КЛЮЧЕВЫЕ СЛОВА: безболевая ишемия миокарда, магнитное поле сердца, магнитокардио- графия, реполяризация желудочков
Безболевая форма ишемической болезни сердца (соответствует коду 125.6 по МКБ-10) – это эпизоды транзиторной кратковременной ишемии сердечной мышцы, которые не сопровождаются приступами стенокардии или ее эквивалентами, но объективно выявляются с помощью инструментальных методов исследования.
Феномен безболевой ишемии миокарда (БИМ) обнаруживают не менее чем у 2/3 больных с ишемической болезнью сердца (ИБС) со стабильной и нестабильной стенокардией и у 1/3 больных с постинфарктным кардиосклерозом. В большинстве случаев у одного и того же больного наблюдают сочетание как БИМ, так и болевых ангинозных приступов (стенокардии). Причем лишь небольшая часть эпизодов преходящей ишемии сопровождается приступами стенокардии (не более чем 20–25 % от общего числа эпизодов ишемии), тогда как на долю БИМ приходится около 75–80 %.
По современным данным, по меньшей мере, у 1/3 больных с БИМ в дальнейшем развиваются типичная стенокардия, инфаркт миокарда или внезапная смерть. По сравнению со стабильной стенокардией напряжения наличие БИМ повышает риск внезапной смерти в 5–6 раз, нарушений ритма и проводимости сердца – в 2 раза, развития инфаркта миокарда и хронической сердечной недостаточности – в 1,5 раза. Летальность этих больных составляет 2,7–9 % в год [2].
Диагноз безболевой формы ИБС базируется на выявлении признаков ишемии миокарда с помощью нагрузочных проб, холтеровское мониторирование (ХМ) ЭКГ с последующей верификацией диагноза по данным коронарографии, сцинтиграфии миокарда с 201TL, стресс-эхокардиографии с добутамином.
Результаты пробы с физической нагрузкой следует оценивать с осторожностью: предсказательная ценность теста определяется не только ее чувствительностью и специфичностью, но в значительной мере зависит и от распространенности ИБС в популяции – чем меньше вероятность наличия у больного ИБС, тем больше вероятность того, что результаты исследования будут ложноположительными. Даже у больных с инфарктом миокарда в анамнезе результат тредмил-теста оказывается отрицательным в 49 % случаев, БИМ удается выявить у 28 % больных, болевой приступ на фоне нагрузки – у 23 % обследованных.

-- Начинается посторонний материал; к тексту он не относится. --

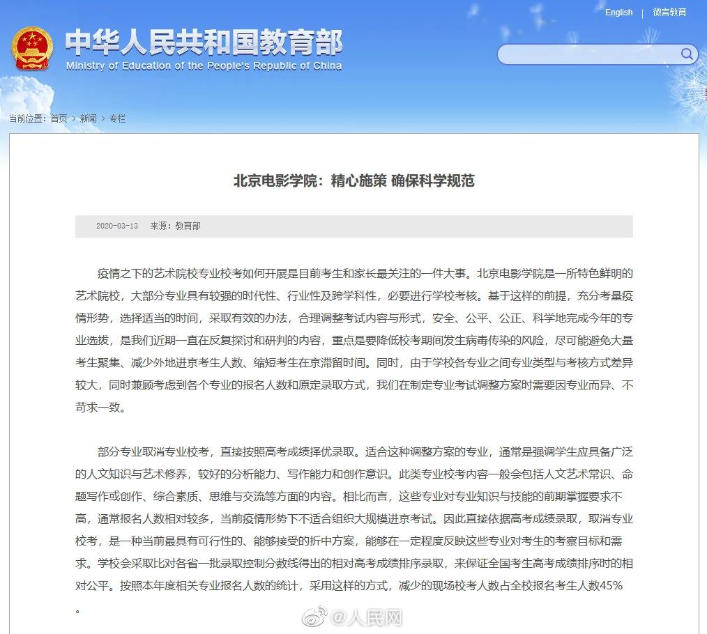 北京电影学院取消校考的通知(图片来源@微博人民网)

ХМ ЭКГ дает возможность исследовать распределение частоты эпизодов болевой и безболевой ишемии, а также нарушений ритма сердца по часам в течение суток. При анализе суточных (циркадных) ритмов выявлена наибольшая “плотность” ишемических эпизодов в интервале с 8.00 до 10.00, что свидетельствует о высоком риске развития острого инфаркта миокарда в это время суток. Изучение суточных ритмов жизни и деятельности больного позволяет прогнозировать оптимальные режимы лечения. Чувствительность метода ХМ ЭКГ составляет лишь 55–65 %, специфичность – 77–92 %. Следует учитывать, что ложноположительное снижение сегмента ST обнаруживается у 2,5–8 %, а по некоторым данным – у 30 %, здоровых людей. Таким образом, при всех преимуществах ХМ ЭКГ нельзя считать абсолютно совершенным методом в выявлении эпизодов БИМ [1].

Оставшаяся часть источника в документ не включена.